List of all non-trainable layer state.

This extends layer.non_trainable_weights to include all state used by the layer including state for metrics and `SeedGenerator`s.

property non_trainable_weights#

List of all non-trainable weight variables of the layer.

These are the weights that should not be updated by the optimizer during training. Unlike, layer.non_trainable_variables this excludes metric state and random seeds.

property output#

Retrieves the output tensor(s) of a layer.

Only returns the tensor(s) corresponding to the first time the operation was called.

Returns:

Output tensor or list of output tensors.

property path#

The path of the layer.

If the layer has not been built yet, it will be None.

property quantization_mode#

The quantization mode of this layer, None if not quantized.

quantize(mode, type_check=True)#
quantized_build(input_shape, mode)#
quantized_call(*args, **kwargs)#
rematerialized_call(layer_call, *args, **kwargs)#

Enable rematerialization dynamically for layer’s call method.

Args:

layer_call: The original call method of a layer.

Returns:

Rematerialized layer’s call method.

sample(batch_shape: tuple[int, ...], conditions: Tensor = None, **kwargs) Tensor#
save_own_variables(store)#

Saves the state of the layer.

You can override this method to take full control of how the state of the layer is saved upon calling model.save().

Args:

store: Dict where the state of the model will be saved.

set_weights(weights)#

Sets the values of layer.weights from a list of NumPy arrays.

stateless_call(trainable_variables, non_trainable_variables, *args, return_losses=False, **kwargs)#

Call the layer without any side effects.

Args:

trainable_variables: List of trainable variables of the model. non_trainable_variables: List of non-trainable variables of the

model.

*args: Positional arguments to be passed to call(). return_losses: If True, stateless_call() will return the list of

losses created during call() as part of its return values.

**kwargs: Keyword arguments to be passed to call().

Returns:
A tuple. By default, returns (outputs, non_trainable_variables).

If return_losses = True, then returns (outputs, non_trainable_variables, losses).

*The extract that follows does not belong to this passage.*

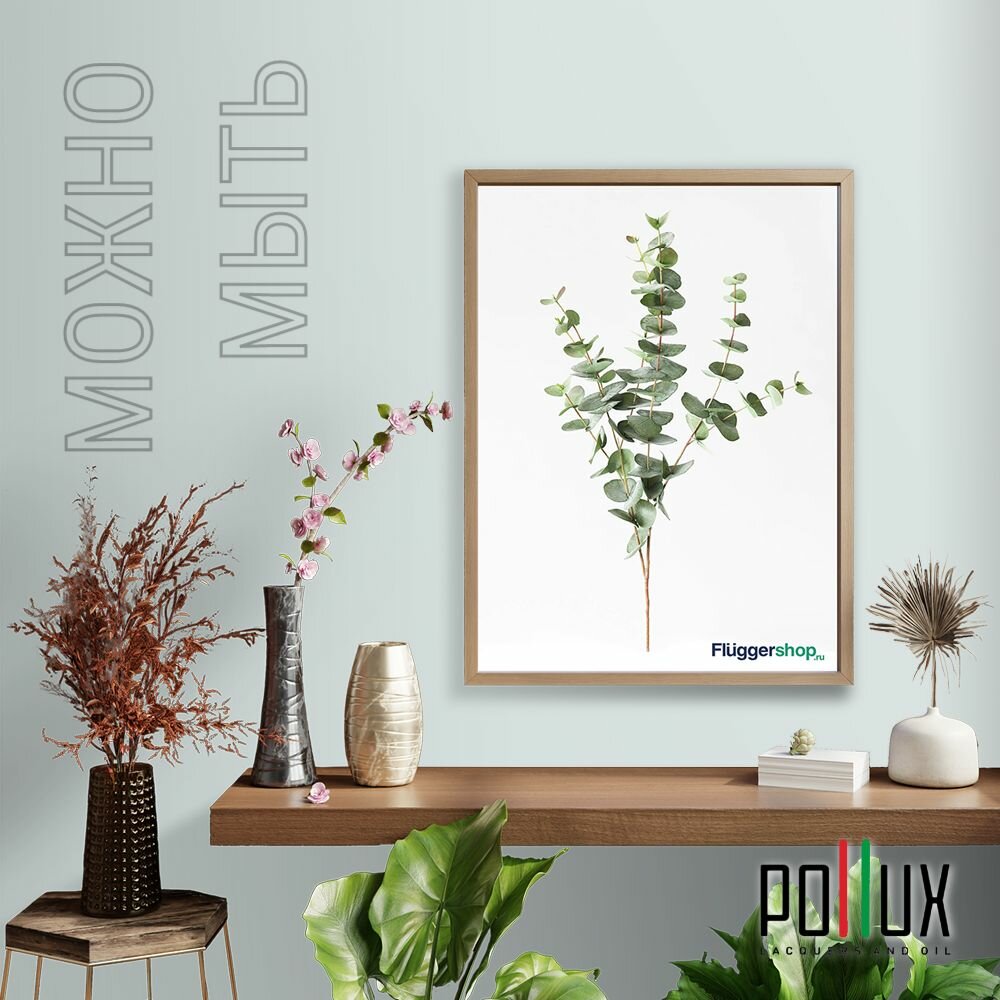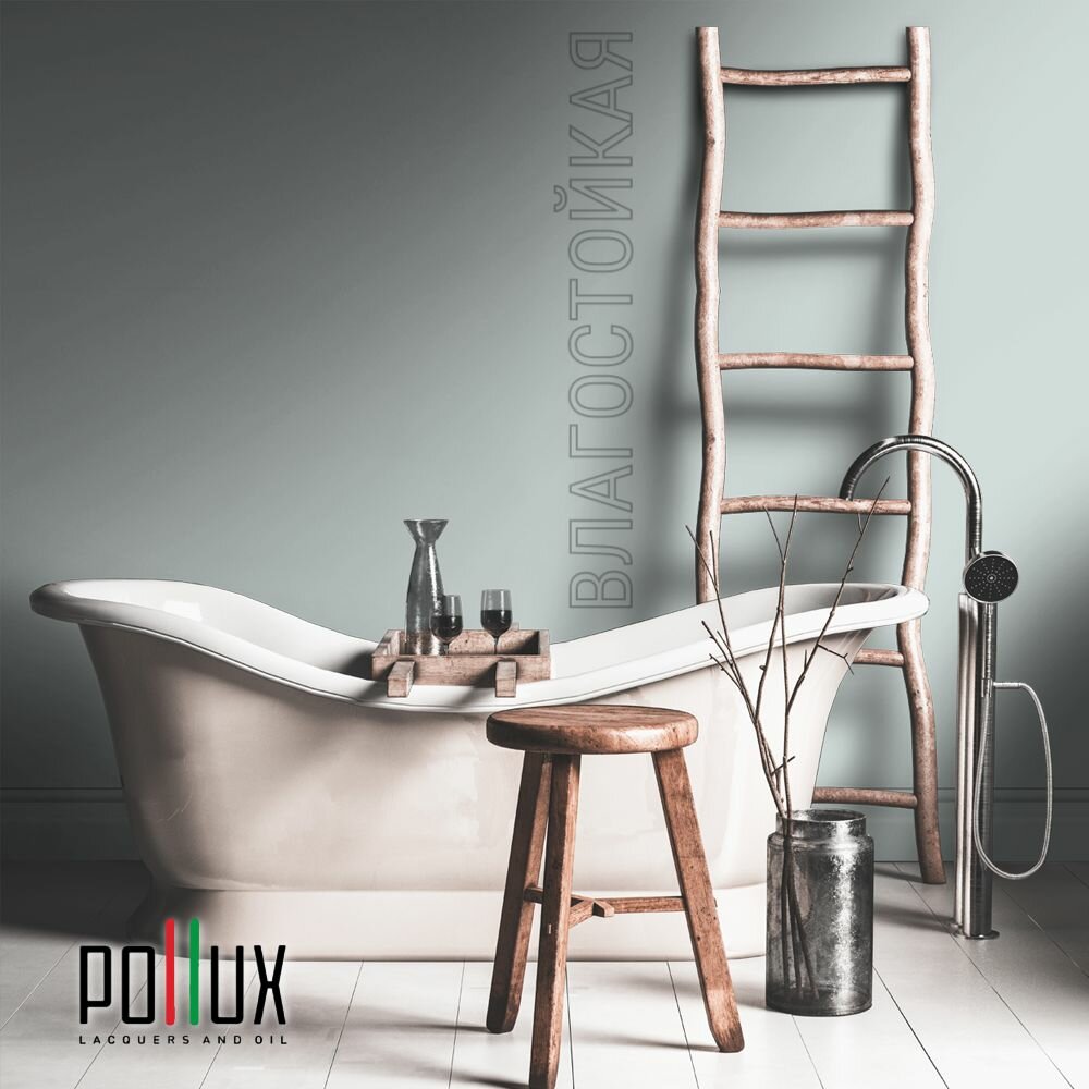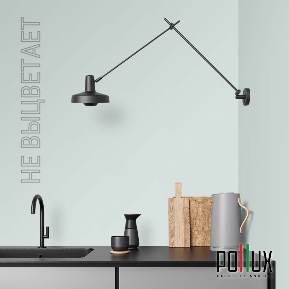 Краска моющаяся интерьерная для стен и потолков, Pollux INTERIOR без запаха, быстросохнущая, акриловая, матовое покрытие, цвет NCS S 1502-B50G, 1л.

Note: non_trainable_variables include not only non-trainable weights such as BatchNormalization statistics, but also RNG seed state (if there are any random operations part of the layer, such as dropout), and Metric state (if there are any metrics attached to the layer). These are all elements of state of the layer.

Example:

model = ...
data = ...
trainable_variables = model.trainable_variables
non_trainable_variables = model.non_trainable_variables
# Call the model with zero side effects
outputs, non_trainable_variables = model.stateless_call(
    trainable_variables,
    non_trainable_variables,
    data,
)
# Attach the updated state to the model
# (until you do this, the model is still in its pre-call state).
for ref_var, value in zip(
    model.non_trainable_variables, non_trainable_variables
):
    ref_var.assign(value)
property supports_masking#

Whether this layer supports computing a mask using compute_mask.

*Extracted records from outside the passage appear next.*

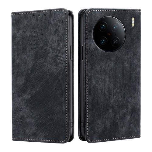 Para Vivo X90 Pro + Rfid Funda de Teléfono de Cuero Magnético con Cepillo Antirrobo (Negro)
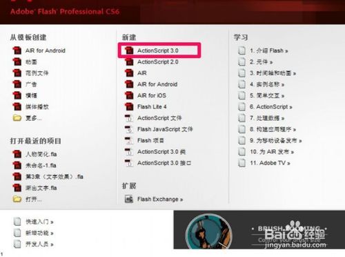 首先打开在本站下载的flash动画制图软件,选择并双击【新建】栏下的【ActiveScript 3.0】创建新的Flash空白文档
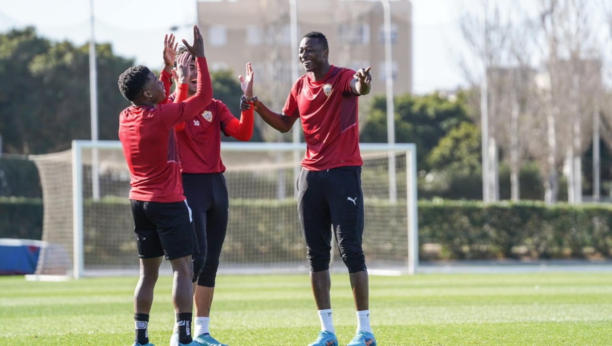 El Almería salta a los primeros entrenos con camisetas sin marca y demora el anuncio de Castore
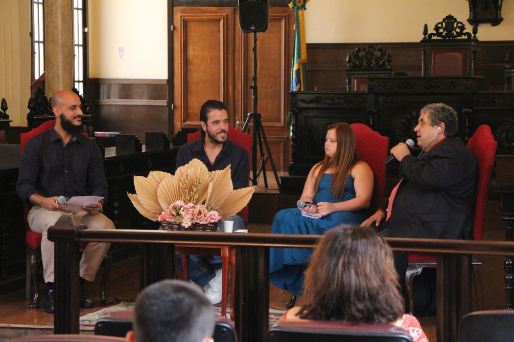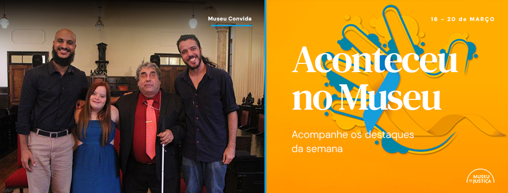 O Museu da Justiça de Niterói realizou, nesta quinta-feira, mais uma roda de conversa, dessa vez com o tema "Diálogos sobre inclusão: escuta, direitos, diversidade e protagonismo", em alusão ao dia mundial da síndrome de down (21/03). Estiveram presentes Márcio Aguiar, diretor do departamento de acessibilidade e inclusão Social do Tribunal de Justiça do Estado do Rio de Janeiro, Maria Linhares, atriz do instituto Teatro Novo e Aldo Frey, psicólogo com atuação em teatro terapêutico na APAE de Niterói. A mediação ficou por conta do arte-educador Whiverson Reis.
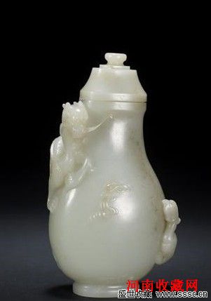 清 白玉龙凤盖瓶
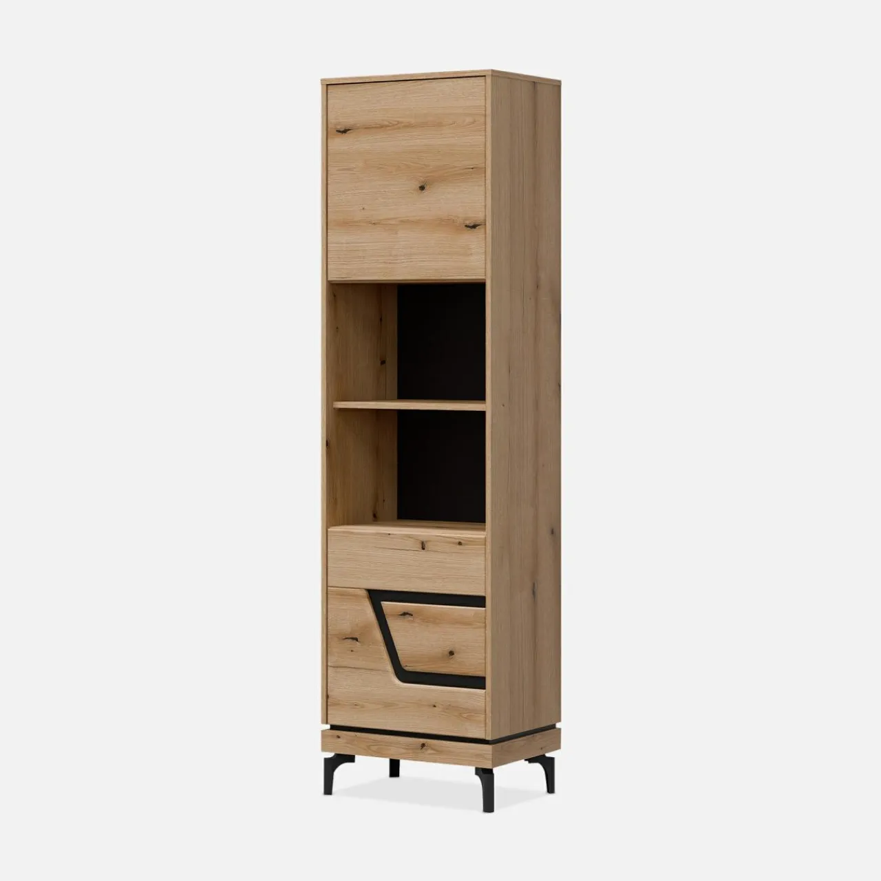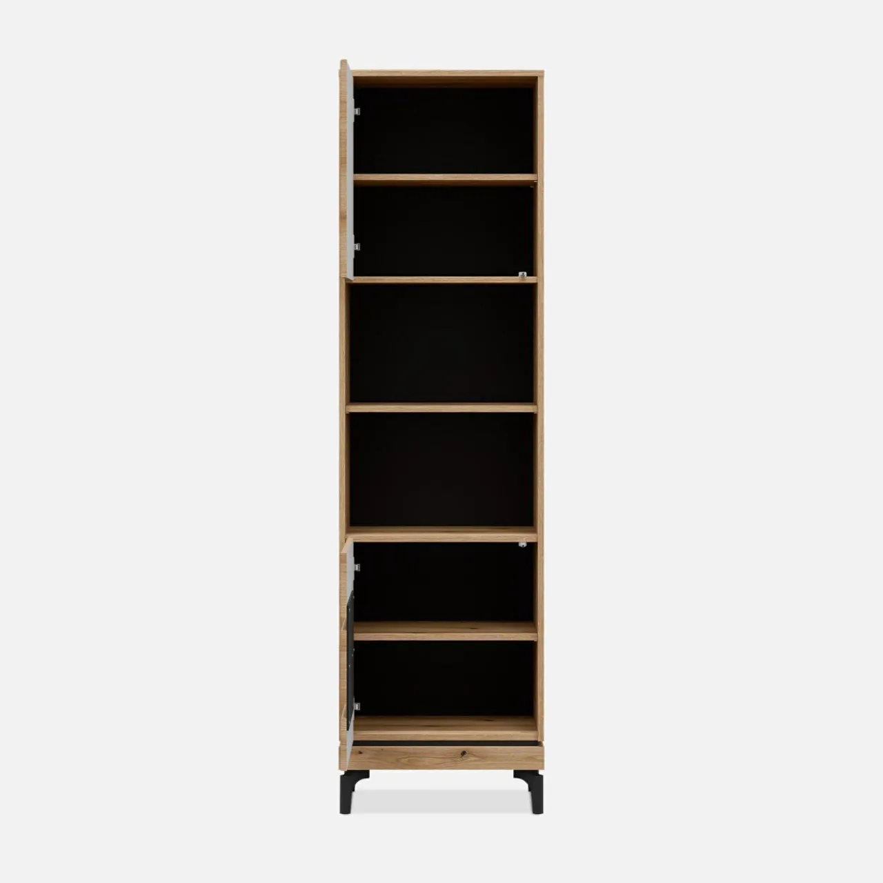 Regał KRIS zmieścisz nawet w małym pomieszczeniu. Uzupełnij ją przestrzeń między meblami, lub postaw na ścianie między pomieszczeniami, dzięki temu optycznie wydłużysz pomieszczenie.

symbolic_call(*args, **kwargs)#
property trainable#

Settable boolean, whether this layer should be trainable or not.

property trainable_variables#

List of all trainable layer state.

This is equivalent to layer.trainable_weights.

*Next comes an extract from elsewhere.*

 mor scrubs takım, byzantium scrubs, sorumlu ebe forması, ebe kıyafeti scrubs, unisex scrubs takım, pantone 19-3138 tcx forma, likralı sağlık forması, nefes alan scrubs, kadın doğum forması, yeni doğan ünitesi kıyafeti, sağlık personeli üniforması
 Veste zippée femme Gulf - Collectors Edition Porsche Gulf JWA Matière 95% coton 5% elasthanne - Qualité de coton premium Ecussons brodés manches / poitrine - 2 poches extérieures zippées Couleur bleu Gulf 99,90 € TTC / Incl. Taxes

property trainable_weights#

List of all trainable weight variables of the layer.

These are the weights that get updated by the optimizer during training.

property variable_dtype#

The dtype of the state (weights) of the layer.

property variables#

List of all layer state, including random seeds.

This extends layer.weights to include all state used by the layer including `SeedGenerator`s.

Note that metrics variables are not included here, use metrics_variables to visit all the metric variables.

property weights#

List of all weight variables of the layer.

Unlike, layer.variables this excludes metric state and random seeds.